== PROVIDED DATA ==
○ ○ ○

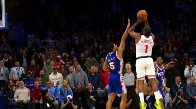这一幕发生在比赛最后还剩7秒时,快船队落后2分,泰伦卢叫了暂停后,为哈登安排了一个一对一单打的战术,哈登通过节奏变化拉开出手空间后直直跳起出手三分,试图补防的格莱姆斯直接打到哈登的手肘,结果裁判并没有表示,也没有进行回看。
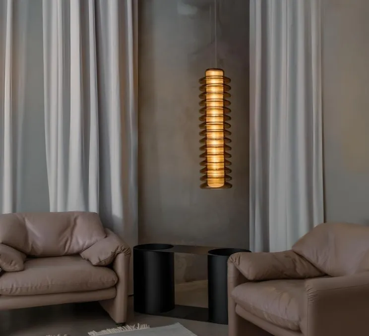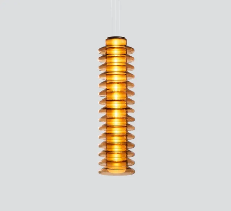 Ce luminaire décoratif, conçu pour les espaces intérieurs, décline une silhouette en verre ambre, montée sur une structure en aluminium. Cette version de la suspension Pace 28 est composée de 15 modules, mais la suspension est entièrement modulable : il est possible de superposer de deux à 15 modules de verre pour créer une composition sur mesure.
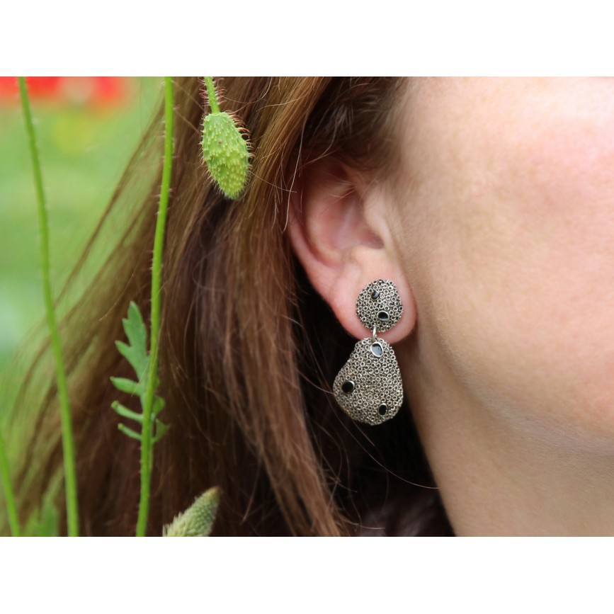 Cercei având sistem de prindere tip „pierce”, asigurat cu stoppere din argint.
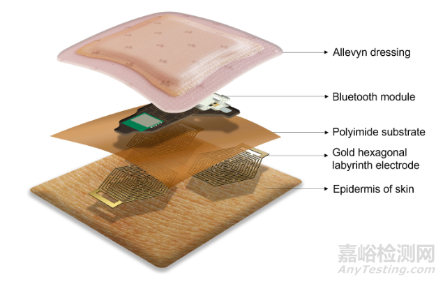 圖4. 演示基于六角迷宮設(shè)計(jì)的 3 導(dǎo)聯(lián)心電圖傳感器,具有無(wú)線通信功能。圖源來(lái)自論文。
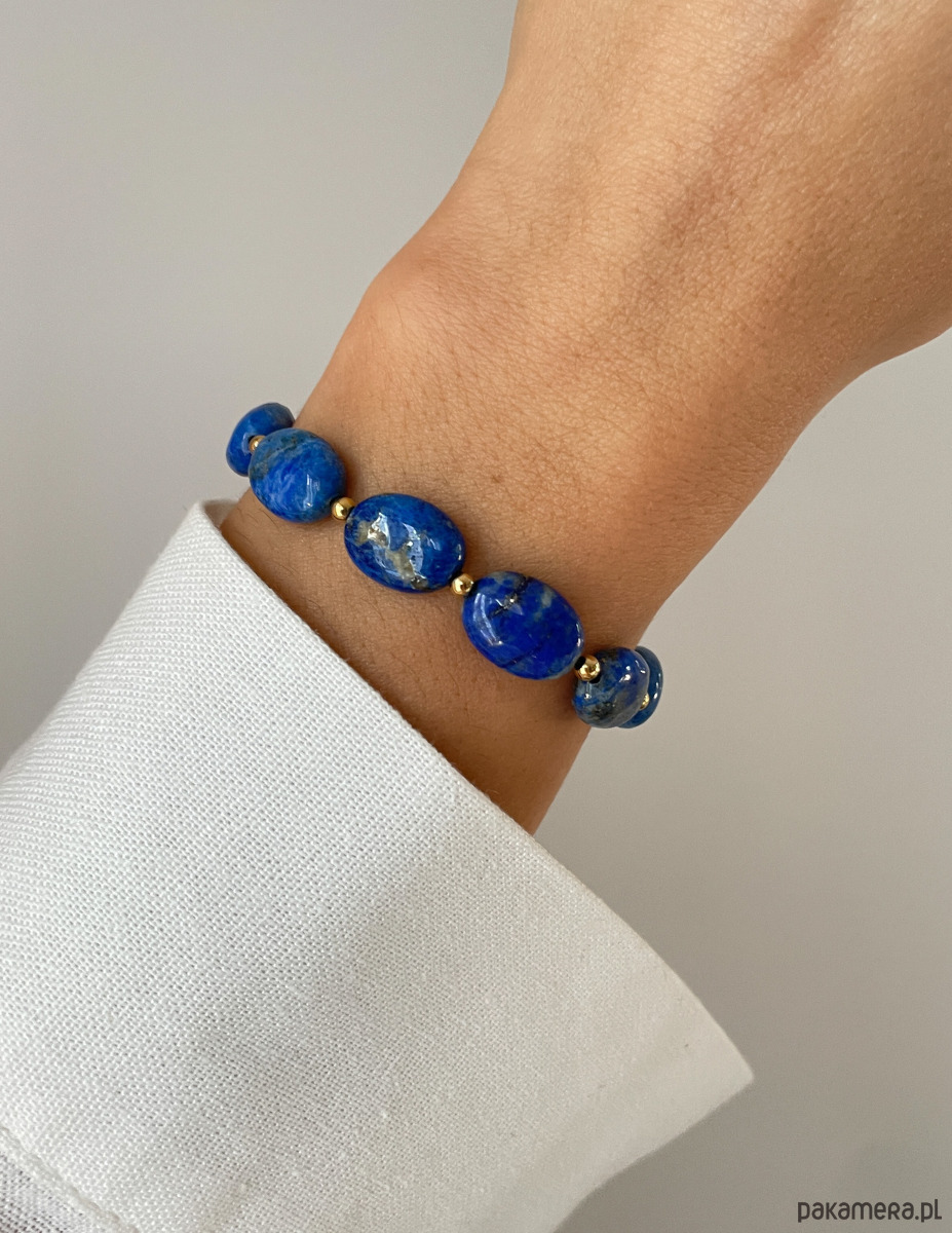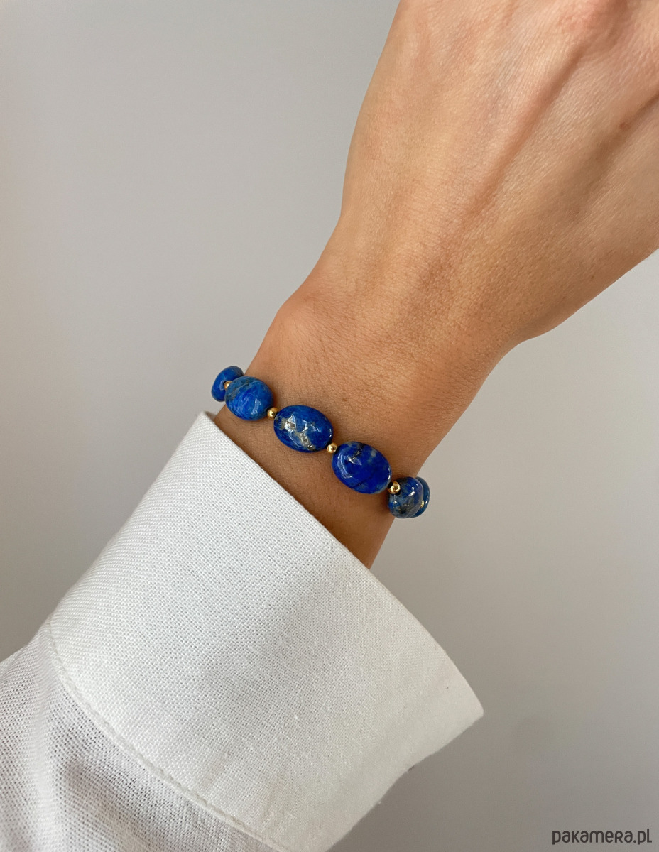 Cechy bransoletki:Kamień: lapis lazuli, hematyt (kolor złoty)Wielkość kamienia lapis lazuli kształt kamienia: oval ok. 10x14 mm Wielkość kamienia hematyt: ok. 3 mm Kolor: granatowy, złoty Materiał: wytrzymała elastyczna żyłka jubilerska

○ ○ ○

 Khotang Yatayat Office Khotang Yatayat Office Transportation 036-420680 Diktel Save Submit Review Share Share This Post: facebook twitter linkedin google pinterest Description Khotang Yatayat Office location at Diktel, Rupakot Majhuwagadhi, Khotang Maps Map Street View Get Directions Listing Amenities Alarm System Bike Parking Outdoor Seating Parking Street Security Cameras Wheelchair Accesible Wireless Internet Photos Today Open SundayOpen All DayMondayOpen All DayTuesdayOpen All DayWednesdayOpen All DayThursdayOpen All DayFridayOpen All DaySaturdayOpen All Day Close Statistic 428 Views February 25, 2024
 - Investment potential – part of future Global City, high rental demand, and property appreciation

○ ○ ○

== AIM OF THE EXERCISE ==
Extract from the listing above the lines between the line containing "Khotang Yatayat Office Khotang" and the line containing "- Investment potential", keeping both of those lines. Output nothing else.

== TASK RESULT ==
 Khotang Yatayat Office Khotang Yatayat Office Transportation 036-420680 Diktel Save Submit Review Share Share This Post: facebook twitter linkedin google pinterest Description Khotang Yatayat Office location at Diktel, Rupakot Majhuwagadhi, Khotang Maps Map Street View Get Directions Listing Amenities Alarm System Bike Parking Outdoor Seating Parking Street Security Cameras Wheelchair Accesible Wireless Internet Photos Today Open SundayOpen All DayMondayOpen All DayTuesdayOpen All DayWednesdayOpen All DayThursdayOpen All DayFridayOpen All DaySaturdayOpen All Day Close Statistic 428 Views February 25, 2024
 - Investment potential – part of future Global City, high rental demand, and property appreciation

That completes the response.